This article explains everything you need to know about text analytics and natural language processing in robotic process automation. First, we define RPA and natural language processing, and explain how they fit together. Then we outline a number of trending text analytics use cases in RPA. Finally, we cite Forrester and Gartner to put these use cases in perspective and explain how the RPA market is changing, and where it’s going. As we demonstrate, the future of RPA is in better analytics and customization with larger, transformational use cases. To stay ahead, RPA vendors must improve their NLP capabilities.
What is Robotic Process Automation (RPA)?
Robotic Process Automation (RPA) refers to automating repetitive, “rules-based” business operations tasks, often involving data processing or routing. RPA reduces costs and increases profitability for enterprises by freeing workers to focus on higher-value work.
Companies use RPA tools to configure automation scripts, often referred to as “robots”. These “bots” fall into two categories: unattended and attended.
Unattended automations execute tasks and interact with other applications without any human input. They are often simple, “straight-through” scripts that move data into or out of third-party systems. For example, if a claims processor records the contents of an insurance form, an unattended automation might take that data and distribute across a number of databases.
Attended automations augment employee capabilities by offloading portions of tasks. This frequently means extracting information from systems and documents and then preparing it to be ready whenever an employee needs it.
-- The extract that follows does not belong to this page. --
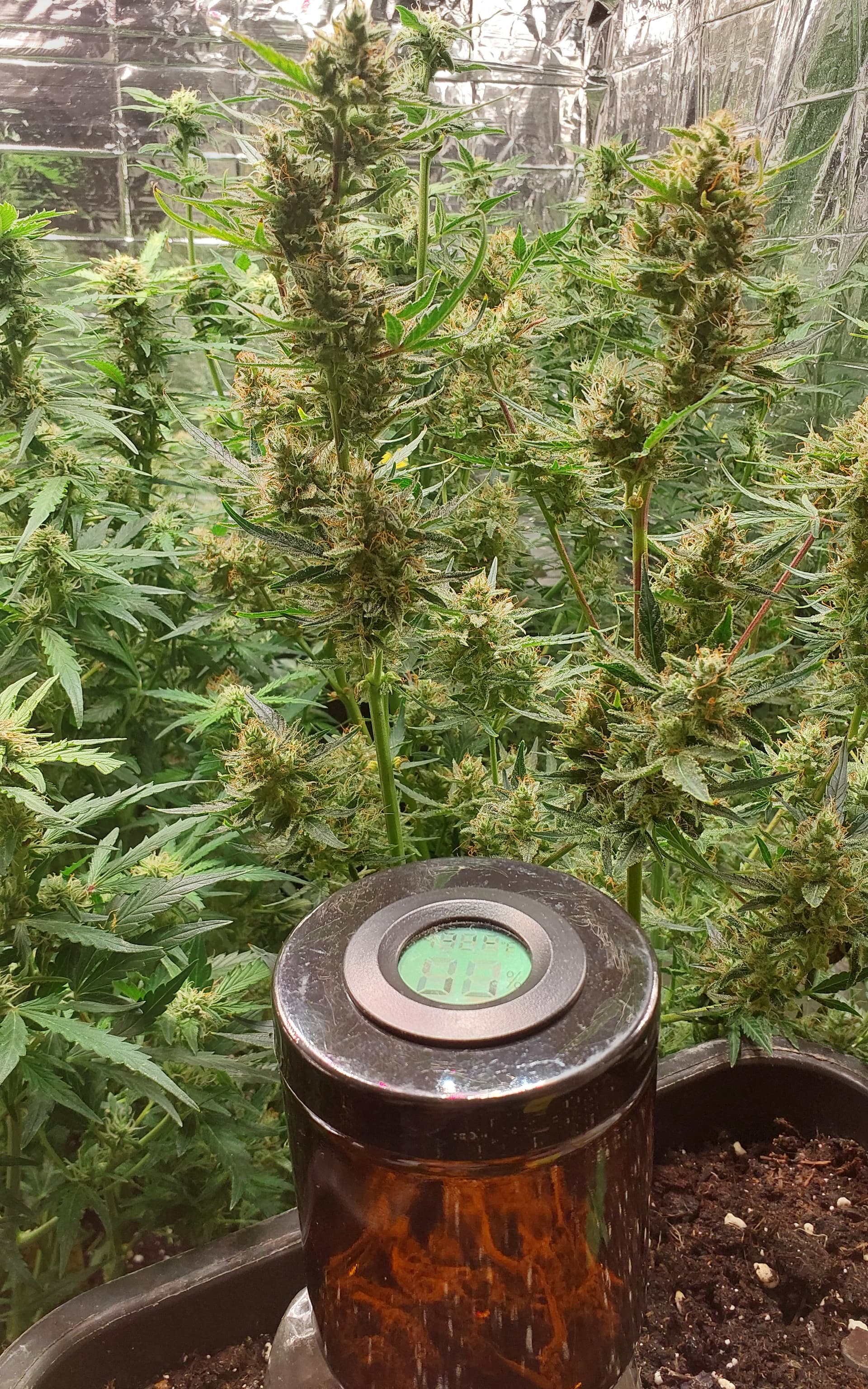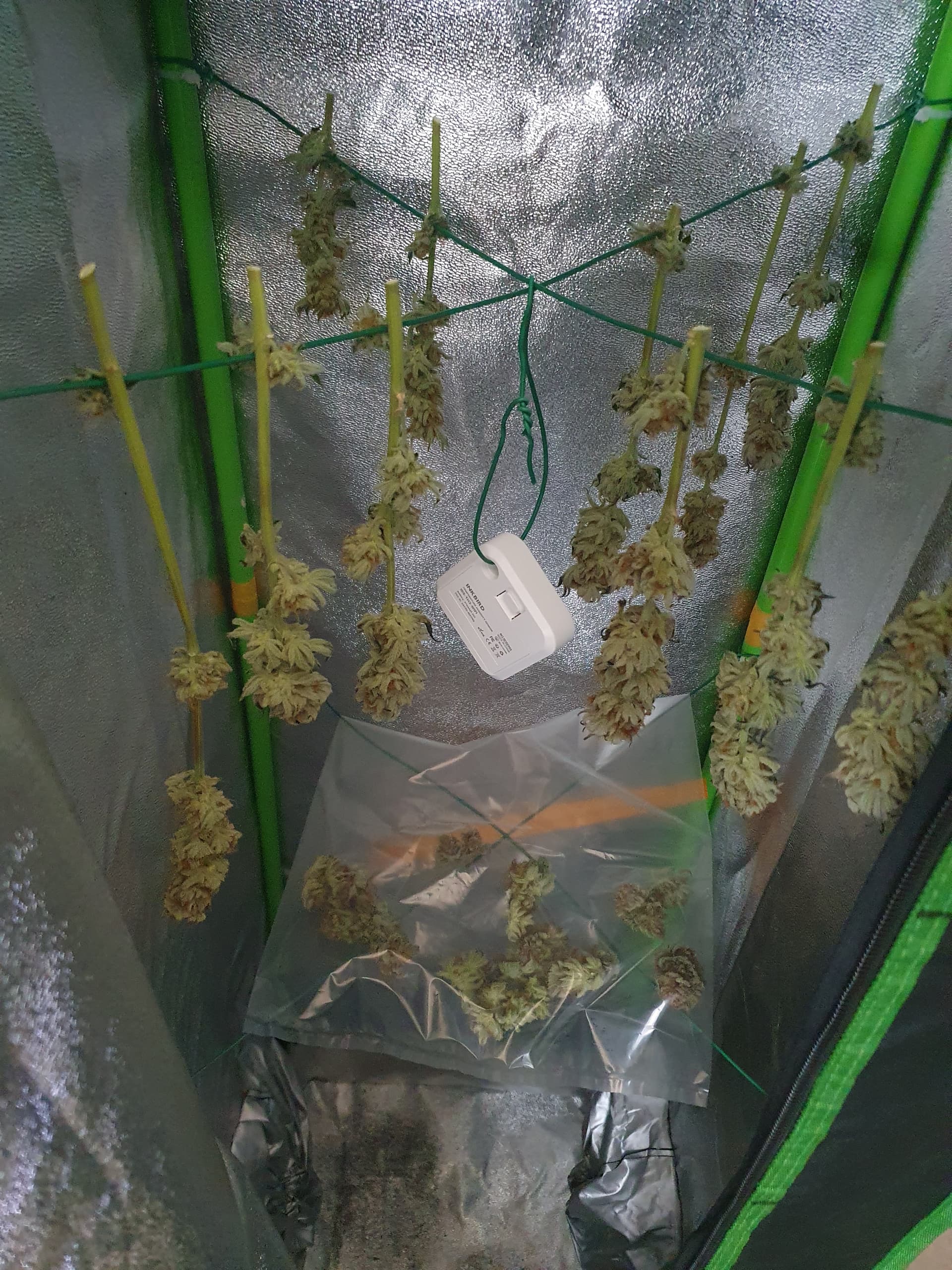 So wie ich das verstehe, ist es wichtig die Umgebungsbedingungen rlf und Temperatur konstant im Griff zu haben. Da spielt mir die aktuelle Jahreszeit natürlich gut in die Karten. Ich Nutze wifi inkbird (TH3) Sensoren. Im Zelt ist einer oben und einer auf Höhe der Top buds. Ein anderer ist gerade im 40er Trocknungs Zelt, in dem Raum, durch welchen die growzelt Abluft durch geleitet wird.
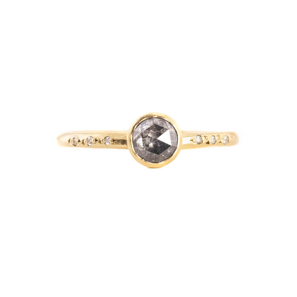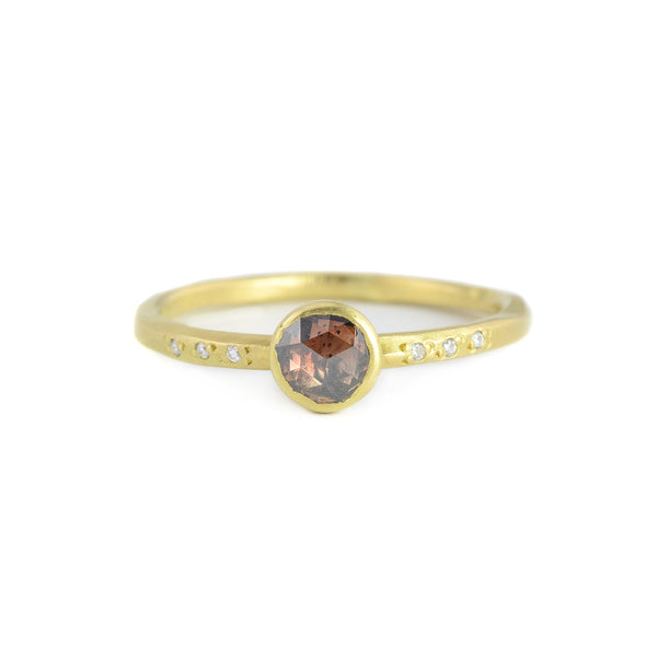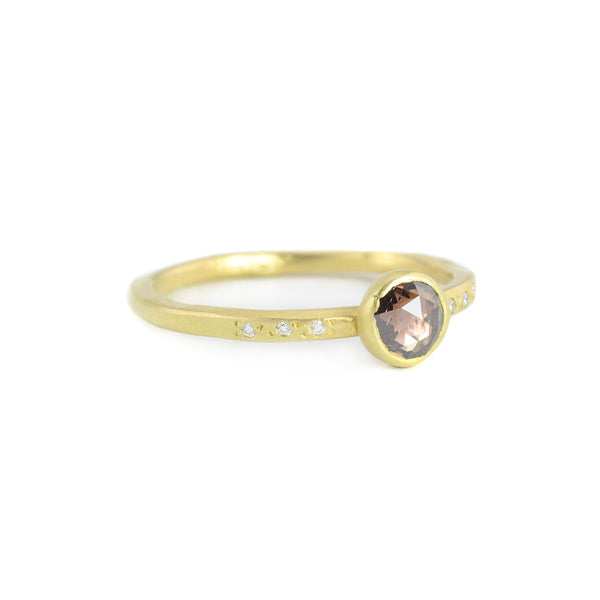 From her timber-loft studio, the designer and a small team craft each piece of jewelry by hand. Sarah uses recycled metal – primarily high-karat gold and sterling – mixing it with linen, leather, rough gemstones and diamonds.

Attended automations require human input, such as telling it what data to access or which documents to pull it from.
Each RPA bot may work alone to automate a single task, such as categorizing a support ticket. Or a number of robots may coordinate to automate a more complex process, such as extracting data from a scanned invoice, analyzing it to understand the roles and values involved, and then automatically triggering a transaction from accounts payable.
What is Natural Language Processing (NLP) in RPA?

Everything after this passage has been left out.